Getting started with apache-pig

Remarks#

This section provides an overview of what apache-pig is, and why a developer might want to use it.

It should also mention any large subjects within apache-pig, and link out to the related topics. Since the Documentation for apache-pig is new, you may need to create initial versions of those related topics.

Installation or Setup

Linux

Requirements (r0.16.0)

Mandatory

As per current Apache-Pig documentation it supports only Unix & Windows operating systems.

Hadoop 0.23.X, 1.X or 2.X
Java 1.6 or Later versions installed and JAVA_HOME environment variable set to Java installation directory

Optional

Python 2.7 or more (Python UDFs)
Ant 1.8 (for builds)

Download the latest Pig release

Download the latest version of pig from https://pig.apache.org/releases.html#Download

Installation

mkdir Pig
cd Downloads/ 
tar zxvf pig-(latest-version).tar.gz 
tar zxvf pig-(latest-version).tar.gz 
mv pig-(latest-version).tar.gz/* /home/Pig/

Configuration

After installing Apache Pig, we have to configure it.

Open the .bashrc file

vim ~/.bashrc

In the .bashrc file, set the following variables −

export PIG_HOME = /home/Pig
export PATH  = PATH:/home/Pig/bin

save the file and reload bashrc again in the environment using

. ~/.bashrc

Verifying Pig version

pig –version

If the installation is successful, the above command displays the installed Pig version number.

Testing Pig Installation

pig -h

This should display all the possible commands associated with pig

Your pig is now installed locally and you can run it using local parameter like

pig -x local

Connecting to Hadoop

If Hadoop1.x or 2.x is Installed on the cluster and the HADOOP_HOME environment variable is setup.
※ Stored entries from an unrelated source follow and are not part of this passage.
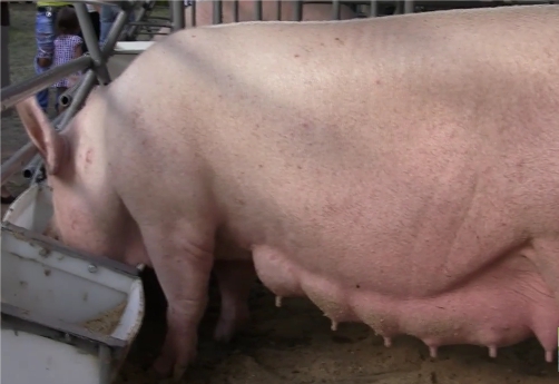 О приближении родов у свиньи вы узнаете по таким признакам: вымя набухает и наполняется молоком, приобретает темно-красный оттенок, становятся виднее его доли. При надавливании из набрякших сосков по капле выделяется прозрачная жидкость, а за несколько часов до опороса она становится беловатой и брызжет тонкой струйкой.
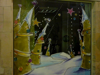 Très peu de vitrines peintes, je trouve pourtant que c'est une belle alternative pour décorer les devantures de commerces dont les produits n'ont rien de festifs. Par exemple, ici, je crois que cette photo a été prise devant chez un coiffeur.
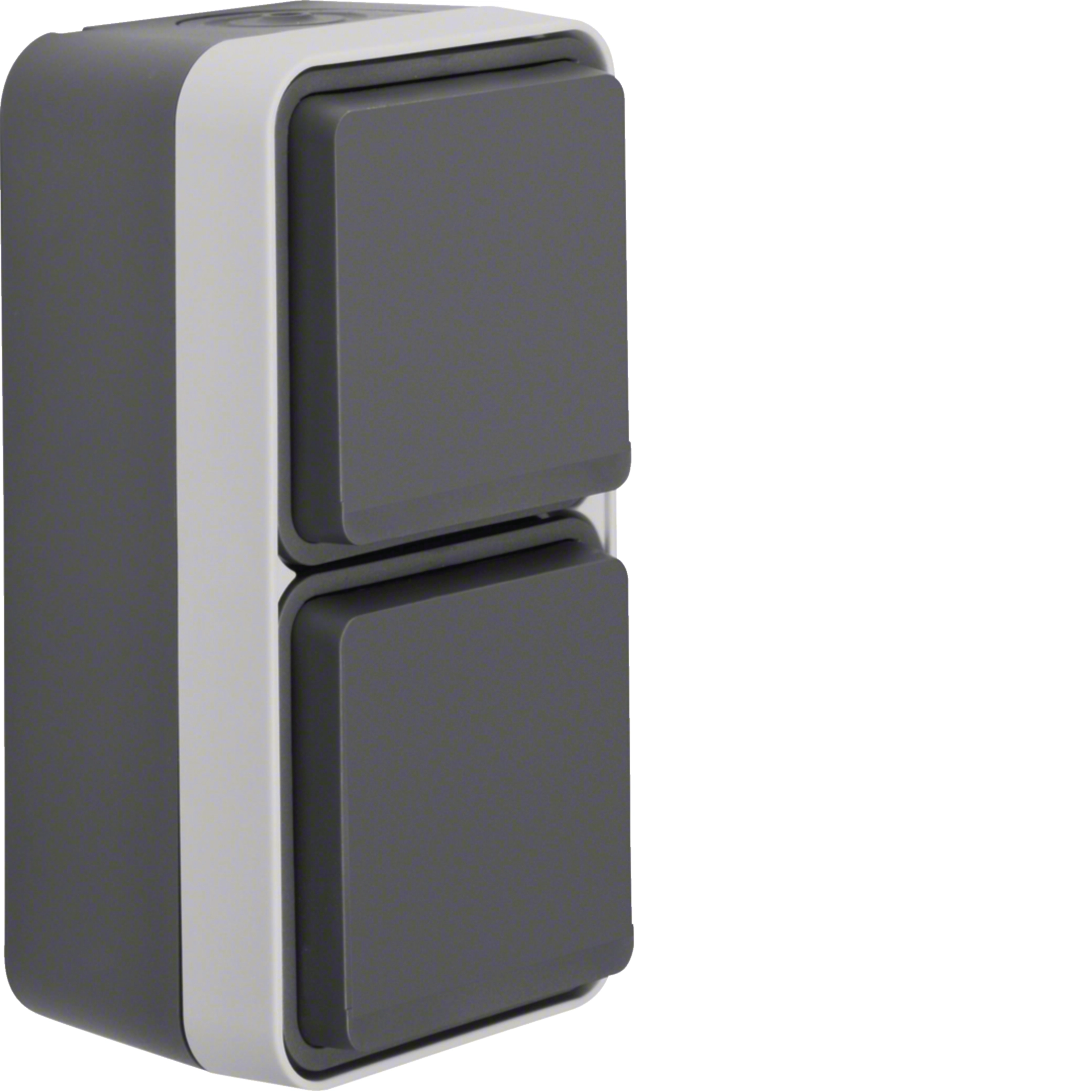 Steckdose SCHUKO 2fach senkrecht mit Klappdeckel AP, W.1, grau/lichtgrau matt
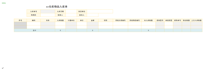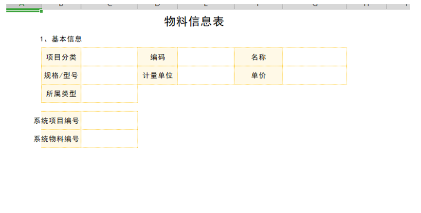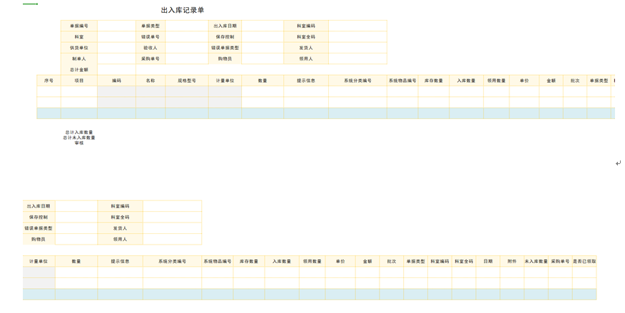 基础信息表模板建立完成后,需要建立一个出入库的模板,用来统计物料出入库的情况以及库存情况,如下:
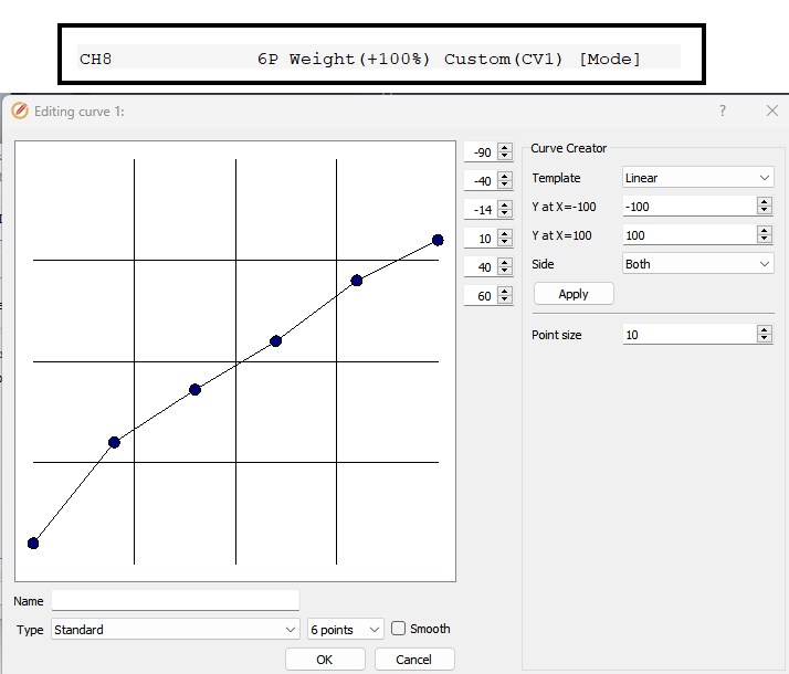 Setup your flight mode channel using “6P’, the six position switch, as its source, but with a weighted curve to move each position to be centered in ArduPilot’s required PWM values for each mode selection as shown below:
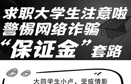 求职大学生注意啦,警惕网络诈骗“保证金”套路,参加网络招聘应首先核实对方真实情况。
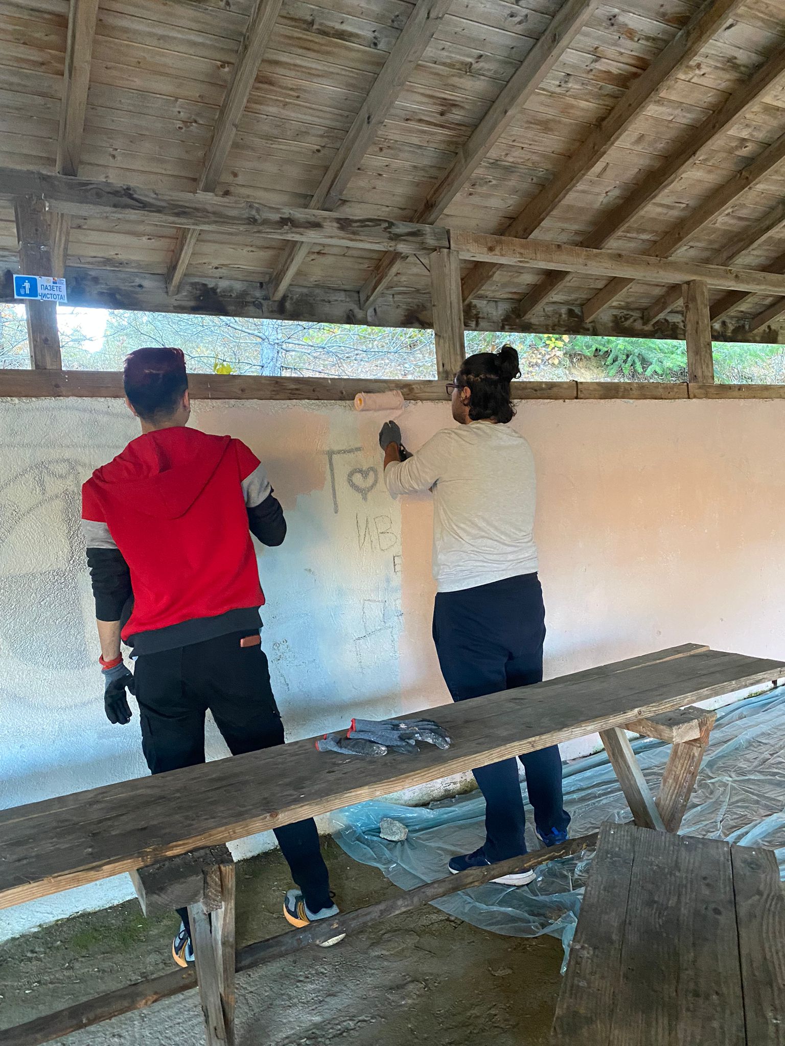На 21.10.2021 г.  част доброволците от Република Турция и Република България- група 1  по проект №2021-1-BG01-ESC51-VTJ-000037391  „ Unlimited solidarity „  започнаха изпълнението на доброволчески дейности свързани с подобряване на жизнената среда на населението: почистване и възстановяване на достъпни места за отдих, поставяне на табели „Пазете чистота“, като почистиха и пребоядисаха масивна беседка по пътя за хижа „Рай“.

you can connect pig to Hadoop by adding the line in the .bashrc like before

export PIG_CLASSPATH = $HADOOP_HOME/conf

Running Pig

Execution Modes

You can run Pig either using the pig (bin/pig) command or by running jar file (java -cp pig.jar)

PIG scripts can be executed in 3 different modes:

Local Mode
```
 pig -x local ...
```

Mapreduce Mode (default mode)

 pig -x mapreduce ...
      (or)
 pig ...

Tez Local Mode
```
 pig -x tez ...
```

Interactive Mode

Pig can be run in interactive mode using the Grunt shell. Pig Latin statements and commands can be entered interactively in this shell.

Example

$ pig -x <mode> <enter>
grunt>

Mode can be one of execution modes as explained in the previous section.

Batch Mode

Pig can also be executed in batch mode. Here a .pig file containing a list of pig statements and commands is provided.

Example

$ pig -x <mode> <script.pig>
grunt>

Similarly Mode can be one of execution modes as explained in the previous section.

Word Count Example in Pig

Input file

Mary had a little lamb
its fleece was white as snow
and everywhere that Mary went
the lamb was sure to go.

Pig Word Count Code

-- Load input from the file named Mary, and call the single
-- field in the record 'line'.
input = load 'mary' as (line);

-- TOKENIZE splits the line into a field for each word.
-- flatten will take the collection of records returned by
-- TOKENIZE and produce a separate record for each one, calling the single
-- field in the record word.
words = foreach input generate flatten(TOKENIZE(line)) as word;

-- Now group them together by each word.
grpd = group words by word;

-- Count them.
cntd = foreach grpd generate group, COUNT(words);

-- Print out the results.
dump cntd;

Output

Mary,2
had,1
a,1
little,1
lamb,2
its,1
fleece,1
was,2
white,1
as,1
snow,1
and,1
everywhere,1
that,1
went,1
the,1
sure,1
to,1
go,1

What Is Pig?

Pig provides an engine for executing data flows in parallel on Hadoop. It includes a language, Pig Latin, for expressing these data flows. Pig Latin includes operators for many of the traditional data operations (join, sort, filter, etc.), as well as the ability for users to develop their own functions for reading, processing, and writing data. Pig is an Apache open source project. This means users are free to download it as source or binary, use it for themselves, contribute to it, and—under the terms of the Apache License—use it in their products and change it as they see fit.